Foster the growth of piggybacking, provide its members with the best available equipment, and keep its members abreast of new developments.
The first Board of Directors meeting for Trailer Train in December 1955 quickly set about meeting these objectives; authorizing the purchase of Trailer Train’s first equipment – 500 75’ flat cars from the Pennsylvania Railroad.
Trailer Train went into operation in March 1956 and a young and growing company faced its first challenge in 1957, when Congress considered the Interstate Highway Act and trailer sizes increased to 40’ in length. The new 85’ flat cars of 1958 featured standardized components such as hitches, trucks and brake equipment.
The adoption of the 85’ flat is intertwined with Trailer Train’s formation and the growth of it and intermodal as a whole. The first 85’ flat was introduced by Pullman Standard in December 1958 and was followed by ACF in 1959 and Bethlehem Steel in 1960. ACF developed the first screw-operated TOFC hitch in 1955 and it is likely that all 85’ flats were delivered with an ACF Model A hitch. To combat this, early Trailer Train intermodal flat cars featured provisions to secure the rear of the trailer to the flat car with chains. All cars were delivered in the Pennsy influenced mineral red paint with an off-white anti-skid paint. Pullman Standard built almost 4,000 85’ flat cars for Trailer Train between 1958 and 1963, with a design that prominently features additional side sill support over the trucks and disaster chain tie-down bars at the mid-point and A end of the car. American Car and Foundry built just over 3,500 85′ flat cars for Trailer Train, between 1958 and 1963. The later phase of cars, such as TTX 650114 built in 1962-63, lack the side sill wings but still include a thin rod on the sill for trailer tie-down, which may have also been later removed as cars were serviced. By the time Bethlehem started building its version of the 85′ flat car, confidence in the trailer hitches ability to adequately secure the trailer to the flat must have increased. In 2012, Trainworx released models of the Pullman Standard 85ft Flat Cars in both drop-sill and straight-sill variations.

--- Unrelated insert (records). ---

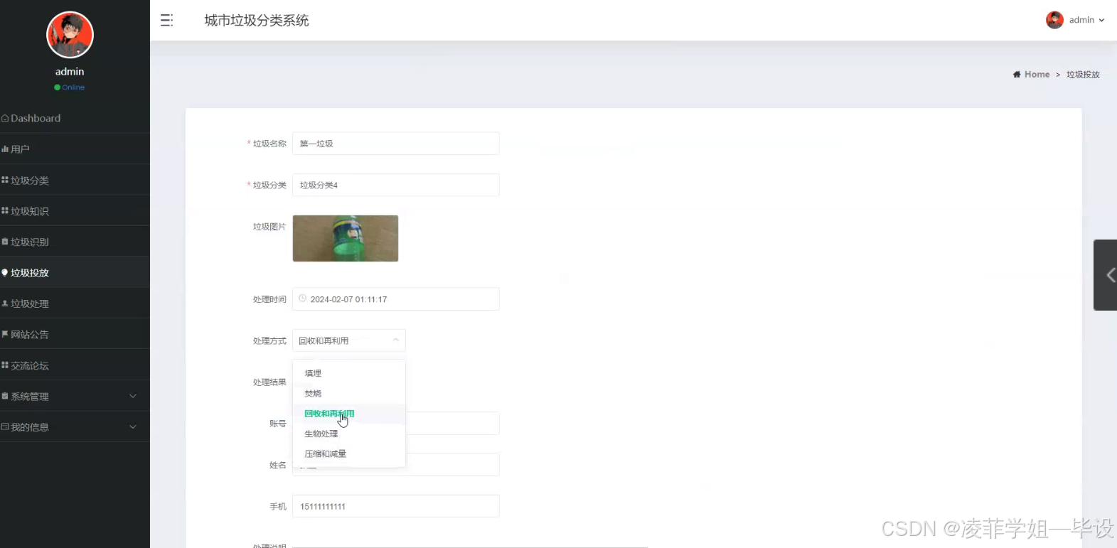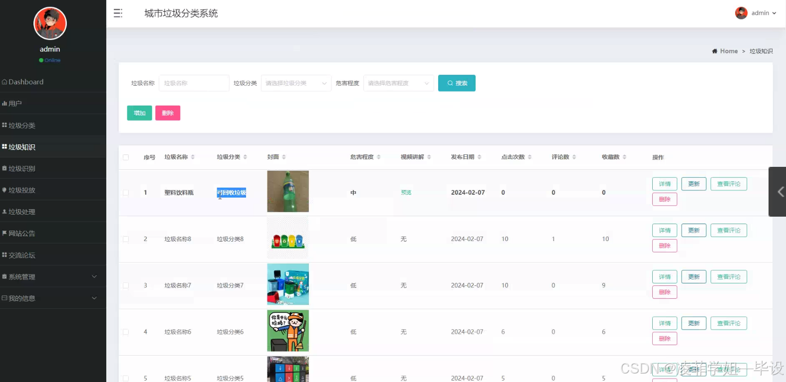 - 现实意义:通过构建城市垃圾分类系统,能够提高城市垃圾分类的效率,增强民众对垃圾分类知识的了解,提升民众参与度,从而减少垃圾对环境的污染,优化城市环境,并且有助于城市垃圾的有效处理和资源的回收利用。
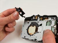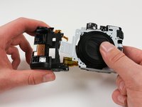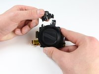 Grab the metal frame with the flash assembly that was removed from around the lens assembly.
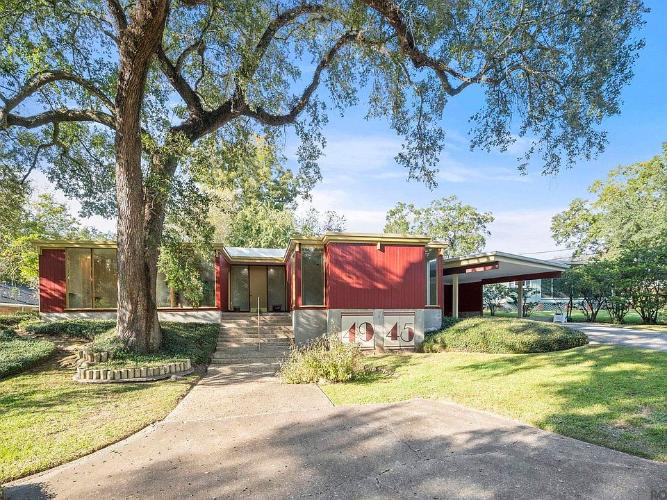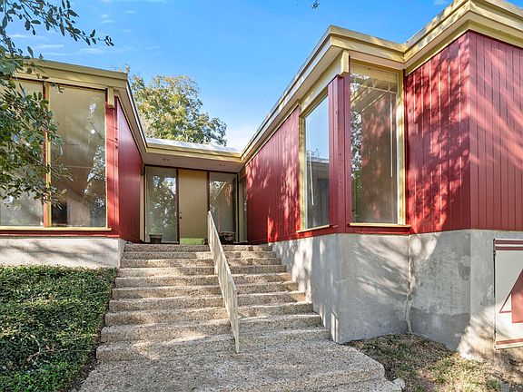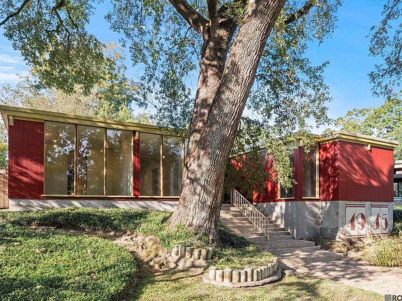 This is the Mid Century Modern in a private location that you have been waiting for! Lots of full pane windows, 2 wood burning fireplaces set into curved brick walls, tankless water heater and a large Primary with fireplace, lots of closets and built ins and en suite bath with sunken tub. There are endless possibilities for this home in University Hills! Enjoy the 20x20 square backyard pool. The exterior has been freshly soft washed and painted and there is a new $33,000 roof. Over the years the seller has done drainage work, widened gutters and added leaf screens and loved this home tremendously! There is a storage room at back of carport and another one in back near the pool and yet more concealed storage behind the house numbers on the front of the home. This home is near the South gates of LSU!
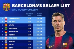 體育資訊10月10日訊 德國轉(zhuǎn)會(huì)市場(chǎng)列出了巴薩球員年薪排名,萊萬2080萬歐居首,德容1900萬歐次席。
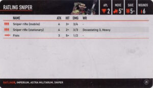 - Sniper Positions: Si tienes heavy terrain en rango de control y el operativo se encuentra a más de 6″ del enemigo. Su perfil del rifle obtiene SILENT así es, tenemos un ploy que permitiría a nuestros Ratlings disparar sin ser disparados de regreso. Una interesante alternativa para un scouting de ploy gratis o por supuesto, unos buenos 2 primers Turning Points para hacer daño y sentirse a salvo.

Ever the resourceful company, Trailer Train soon found other uses for these cars and many found second lives in MTTX (multi-purpose), ZTTX (long pole) service and JTTX (shipper specific) service.

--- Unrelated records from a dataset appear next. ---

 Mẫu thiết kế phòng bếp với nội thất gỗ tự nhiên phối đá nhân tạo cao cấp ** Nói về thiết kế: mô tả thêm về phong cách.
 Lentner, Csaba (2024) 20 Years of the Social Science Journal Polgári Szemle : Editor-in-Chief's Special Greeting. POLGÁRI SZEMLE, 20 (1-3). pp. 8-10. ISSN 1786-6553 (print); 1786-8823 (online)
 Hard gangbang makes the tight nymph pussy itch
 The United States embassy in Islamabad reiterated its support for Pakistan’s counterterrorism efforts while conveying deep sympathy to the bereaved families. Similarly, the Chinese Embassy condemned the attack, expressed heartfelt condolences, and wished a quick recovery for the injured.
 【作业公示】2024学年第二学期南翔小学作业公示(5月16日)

The author would like to acknowledge the assistance of Jim Eager, Jim Kinkaid, John Gillies, Chris vanderHeide and Kent Charles for the information and photographs supplied and to the modelintermodal Yahoo Group members for their efforts in documenting and discussing intermodal transportation equipment and operations. Casdorph, David “The Freight Car Data Book: Trailer Train Company TTX Company” Society of Freight Car Historians, 1st Edition, 1995. Panza, Jim “Thirty-five years of Trailer Train” Railroad Model Craftsman Magazine, Carstens Publications, July 1990, Page 72. Panza, Jim “Thirty-five years of Trailer Train – Part 2” Railroad Model Craftsman Magazine, Carstens Publications, August 1990, Page 74. Panza, Jim “Trailer Hitches, Part 2: Modelling ACF Model 2 Hitches in HO” Railmodel Journal Magazine, Golden Bell Press, July 2001, Page 40. Wilson, Jeff “The Model Railroader’s Guide to Intermodal Equipment and Operations”, Kalmbach Books, 1998. As more industries shift towards containerizing their goods, congestion and cost arising from the increase in intermodal traffic will demand partnerships among rail carriers, truck and ocean carrier. Short haul intermodal services, generally defined as rail moves between 200 to 1,000 miles, like any other services, are driven by performance and cost.

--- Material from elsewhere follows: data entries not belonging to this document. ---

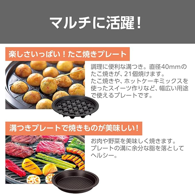 調理に便利な溝つき。直径40mmのたこ焼きが、21個焼けます。 たこ焼きや、ホットケーキミックスを使ったスイーツ作りなど、幅広い用途で使えるプレートです。
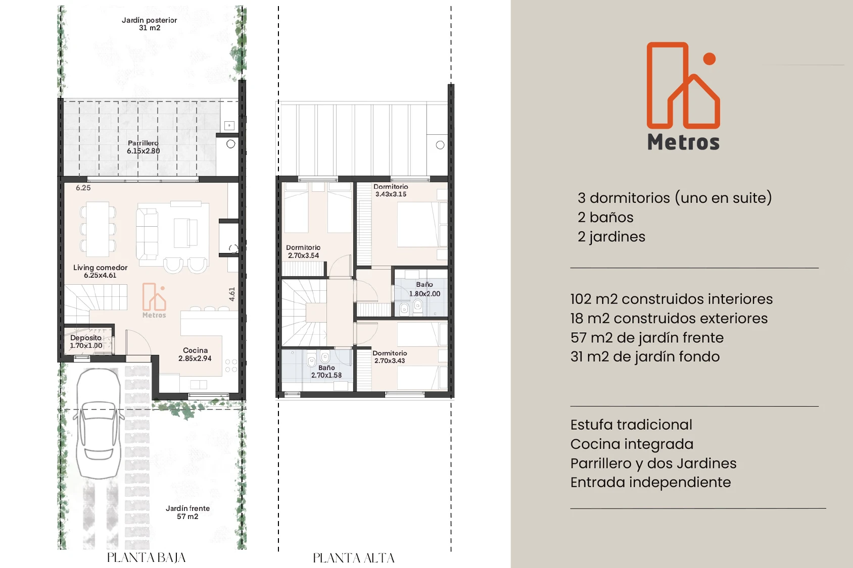3 dormitorios, el principal en suite • 2 baños • Jardín al frente y al fondo • parrillero • depósito • cochera para 2 autos
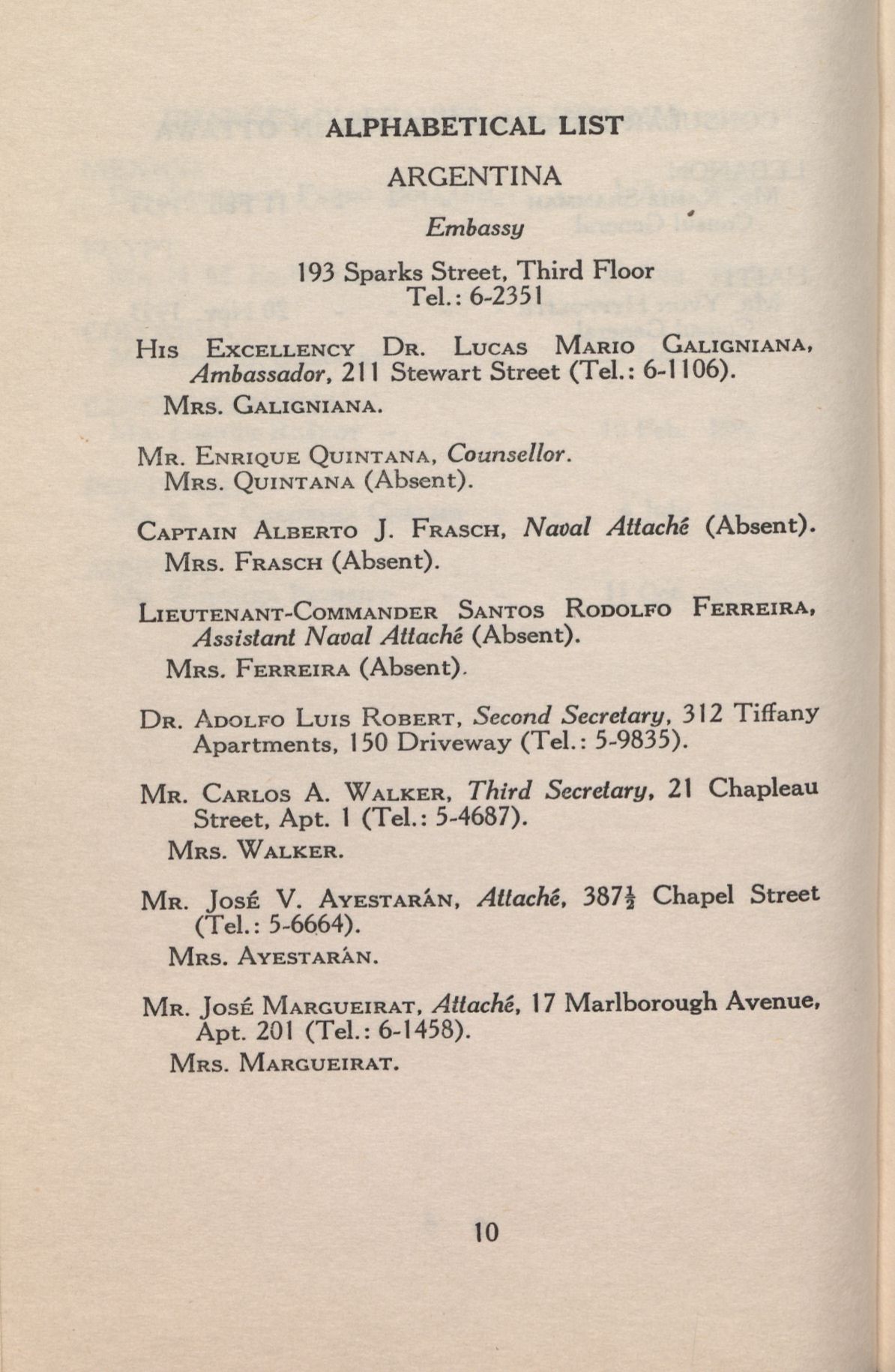 Le corps diplomatique et les représentants consulaires à Ottawa 1954-11
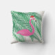 Este coxim exterior tropical do feriado é decorado com um divertimento, flamingo cor-de-rosa que veste um chapéu vermelho do papai noel contra um contexto das folhas de palmeira em um fundo branco, fazendo lhe o acessório perfeito do Natal para o lugar tropical.
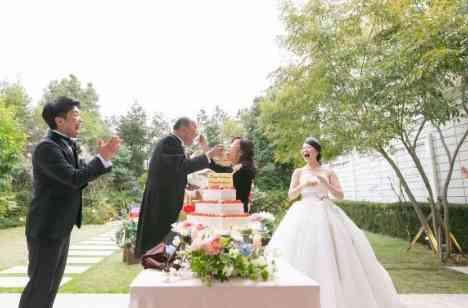 ウェディングケーキの入刀はガーデンにて行いました。なかなか披露宴中に新郎新婦と過ごし足りなかったゲストもガーデンでゆっくり過ごすことができました。 お足の悪いゲストの方用にガーデンにはソファを準備し、ご年配のゲスト様にもしっかりご覧頂くことができました。 ケーキ入刀後には、親御様に新郎新婦のお手本となって頂く為、お手本バイトを行いしとても暖かく素敵なシーンになりました。

In a recent survey5 of more than 4,000 trucking executives, the American Transportation Research Institute revealed that driver shortage was the greatest concern amongst truck operators.
Can shippers in short haul, low density markets realize the benefit of rail intermodal services? A successful rail intermodal service requires several elements, including sufficient freight to justify the service, access to rail services between the origin and destination, and an intermodal marketing company or logistics service to manage the service for the shipper.
Rail Length-of-Haul (LOH), rail rates, rolling stock costs, terminal costs and dray charges at origin or destination all contribute to door-to-door short haul shipping costs.
Three methods available for short haul shipping include multi-unit well cars, multi-purpose 89’ flat cars, and RailRunner® bi-modal technology.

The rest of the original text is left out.